Seither müssen Athlet:innen mit weniger Einschränkungen wie Katharina Lang neu bewertet werden. Vonseiten der Betroffenen hagelt es mächtig Kritik: "Das Schwierige an dem ganzen System ist, dass es nicht einheitlich genug ist. Es werden verschiedene Untersuchungen bei verschiedenen Events von wiederum verschiedenen Klassifizierern durchgeführt. Als Athletin hat man das Gefühl, dass man nicht weiß, was passiert", betont Lang. Es gäbe viele Athlet:innen weltweit, die eine ganz ähnliche Geschichte wie sie hätten und im Gegensatz zu ihr weiterhin spielen dürften.

Mentaler Stress nur schwer aushaltbar

Eine von ihnen ist Nationalspielerin Lena Knippelmeyer. Auch in ihrem Fall war eine Knieverletzung Grund dafür, dass sie im Alter von 24 Jahren nicht mehr wie gewohnt Handball spielen konnte. Knippelmeyer ließ das Urteil jedoch nicht auf sich sitzen und reichte Protest ein. Die Folge: Einige Wochen vor der WM wurde sie erneut klassifiziert und für spielberechtigt erklärt. Auch für Lang käme ein Protest theoretisch in Frage, praktisch sei es für sie erstmal ausgeschlossen.

Sie wolle sich nicht erneut diesem enormen psychischen Stress – so wie es in Madrid der Fall war – aussetzen. "Die ganze Europameisterschaft war ich vom Kopf her ganz woanders. Denn wenn man ausklassifiziert wird, dann ändert sich das Leben von der einen auf die andere Sekunde komplett."

Rollstuhlbasketballerin Lena Knippelmeyer

Rollstuhlbasketball verliere an Inklusivität

Laut Lang verliert die populärste Behindertensportart an Inklusivität. "Angesichts der Klassifizierung wird der Sport nicht inklusiver, ganz im Gegenteil. Es bringt viel durcheinander und macht es mir und anderen 4,5-Punkte-Spielerinnen schwer, sich voll und ganz auf den Sport konzentrieren zu können." Die Münchnerin kritisiert den Umgang mit Athlet:innen, zugleich aber auch die ganzheitliche Entwicklung des Rollstuhlbasketballs auf internationaler Ebene und blickt dabei auf die anstehende Qualifikation für die Paralympics 2024.

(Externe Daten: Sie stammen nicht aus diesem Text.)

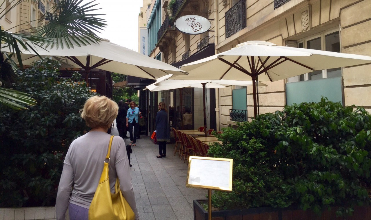 I realize it is a huge leap from the Plaza Athénée to this small restaurant – but there is a connection. At the Plaza Athénée we were whisked about by gracious young polished professionals in elegant soft gray uniforms. Here, we were waited on by a young woman dressed casually in black slacks and a simple cotton blouse, she wore little makeup, intent on doing her job and making sure we were pleased with our lunch. I just can’t bring myself to reveal the name after what I have written about it. It’s not important. The waitress is the focus here. She had to divide herself between the various customers and also tend the bar. Every once in a while she would stop, stand up and push her hair back, checking off in her mind what she had to do next and then do it. She is one book end and the Plaza Athénée is the other…..Paris is in between.
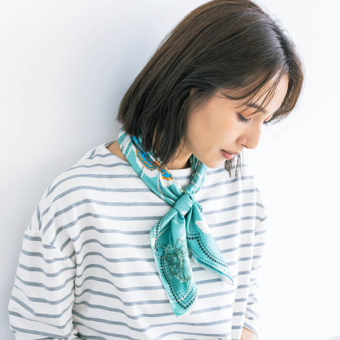 シルクの艶やかな光沢感がカラーリングに更に明るさをプラスしてくれるので、 コーディネートがぐっと華やかになります。
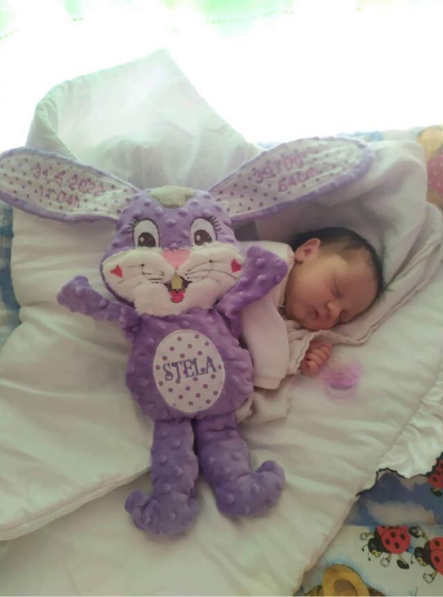 Zajíček vyšitý v rámečku (ITH) na papírovém trhacím podkladu, jako památka děťátku k jeho narození
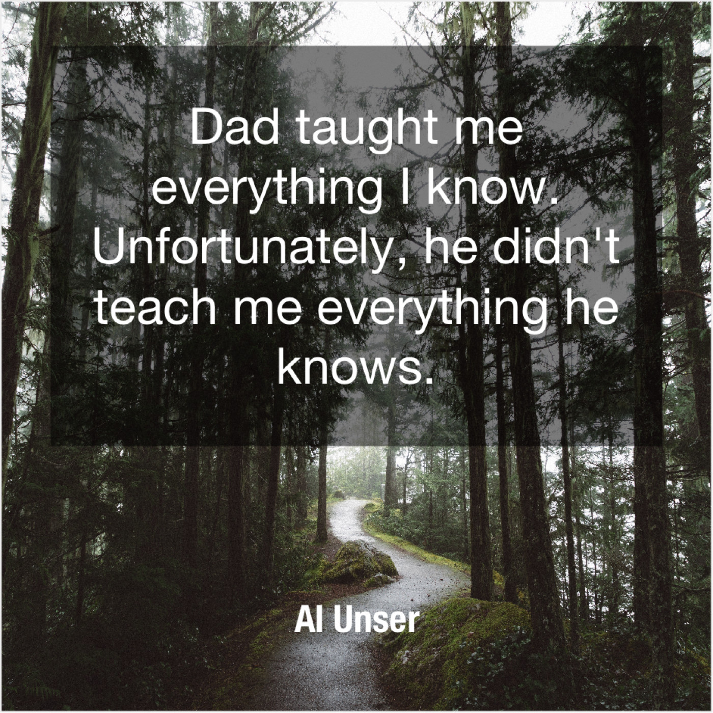 Al Unser Al Unser – Dad taught me everything I… April 12, 2019 admin “Dad taught me everything I know. Unfortunately, he didn’t teach me everything he knows.”-Al Unser
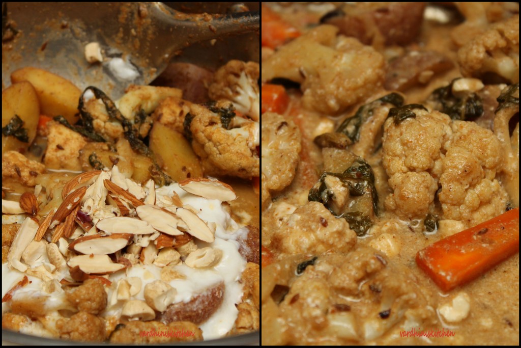 By now the vegetables are done. Separate the vegetables into 2 portions. To one portion add the remaining yogurt and nuts. Mix. Turn off the stove after few minutes.
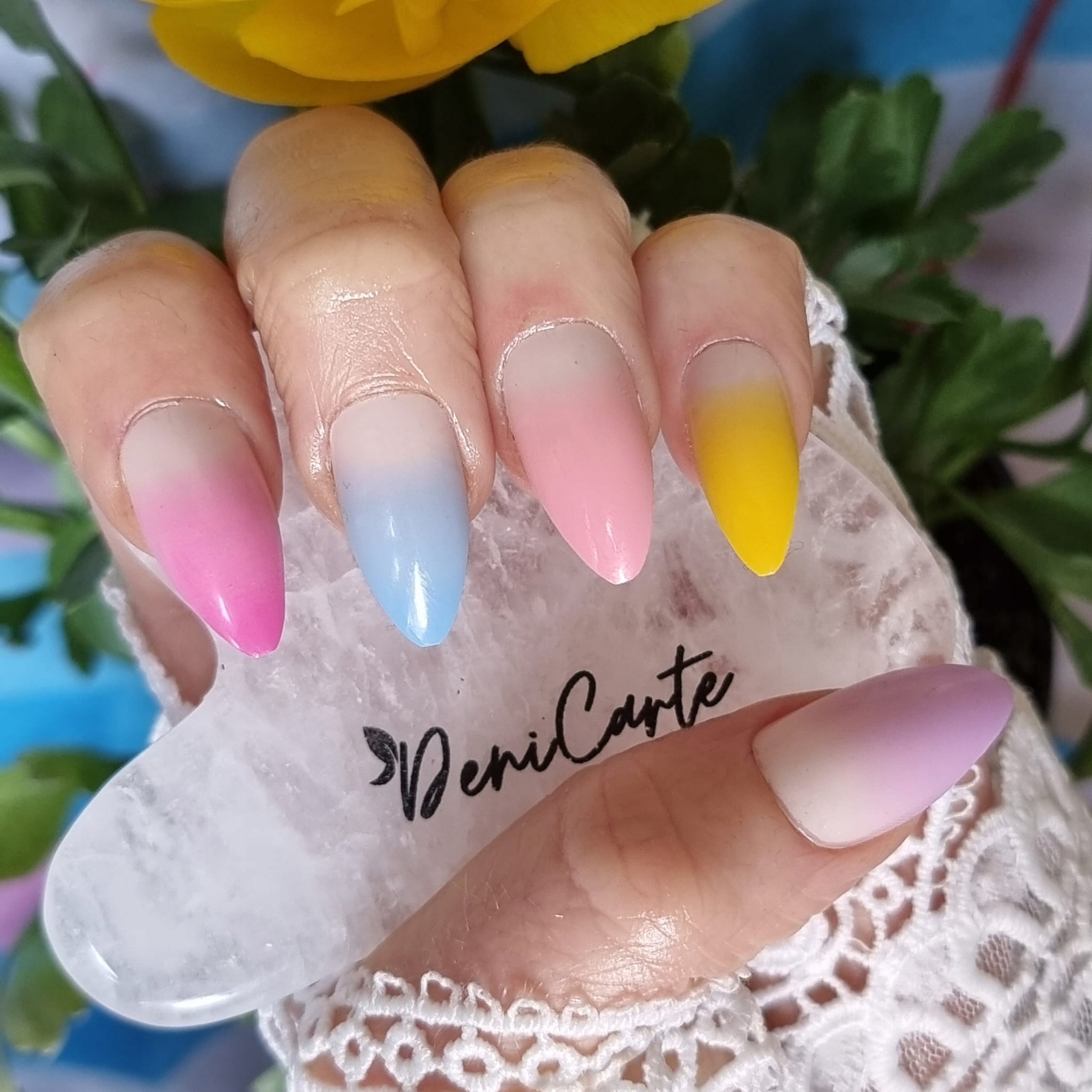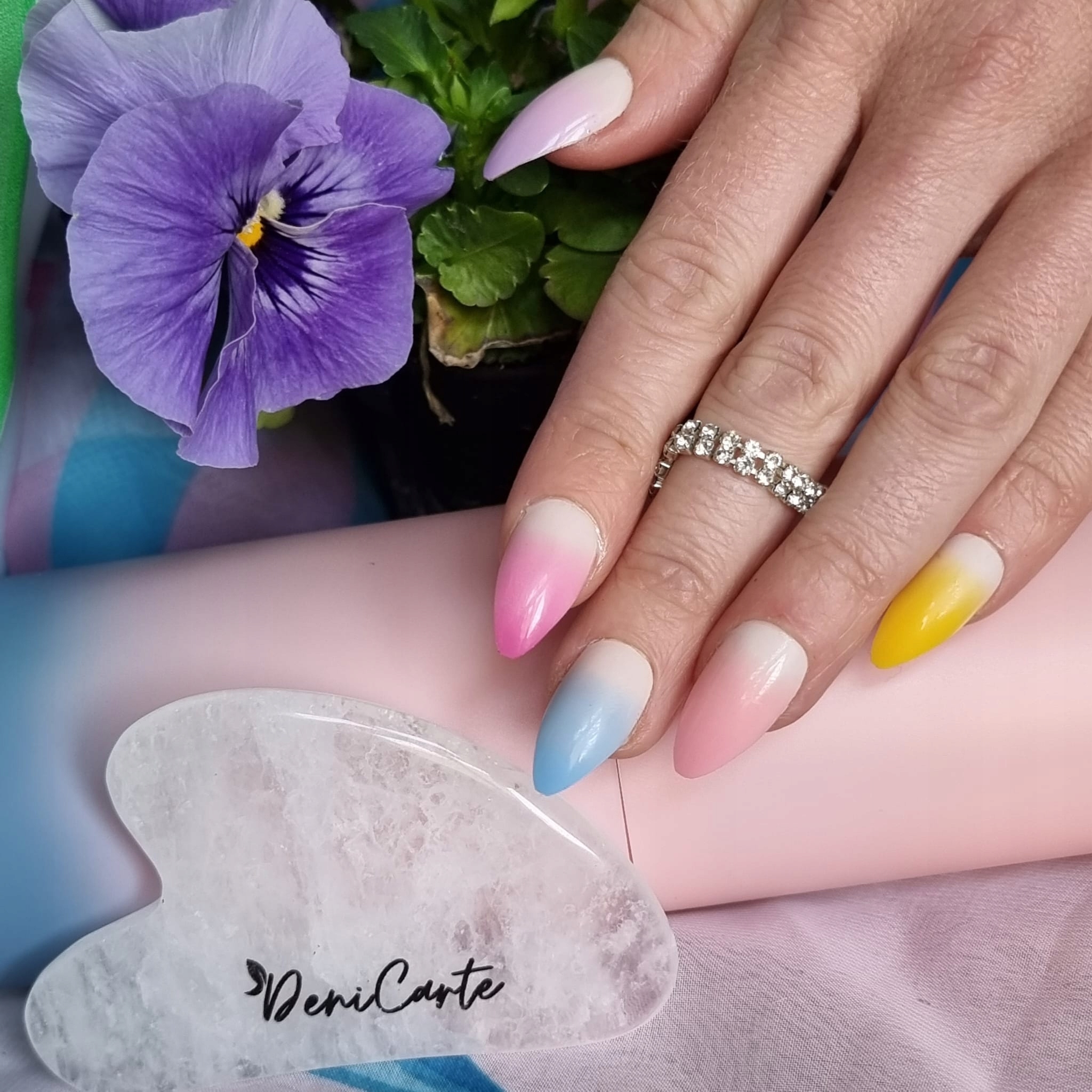 ✔️Вибрана модель у красивих, блискучих відтінках рожевого, синій, фіолетовий і жовтий з ефектом омбре. Мигдалеподібні нігті.

Weniger Startplätze für Paris 2024

Am 19. November 2021 gab das IPC in einer Pressemitteilung bekannt, dass die Anzahl der startberechtigten Teams für die Paralympics 2024 von 12 auf acht reduziert wird. "Dies trägt zur Effizienzsteigerung für die Organisatoren bei, fördert die Geschlechterparität und erhöht die Wettbewerbschancen für Athleten in anderen Sportarten", argumentiert IPC-Präsident Parsons. "Absolut unverständlich", findet Katharina Lang. Damit gefährde das IPC die Popularität des Rollstuhlbasketballs, welcher als Publikumsmagnet der Paralympics gilt.

Darüber will sich die 28-Jährige jedoch nicht den Kopf zerbrechen. Vielmehr wolle sie ihren Fokus auf die neue Bundesliga-Saison richten und sich mit 3x3-Rollstuhlbasketball vertraut machen. Eine Sportart, die (noch) nicht Teil des IPC ist.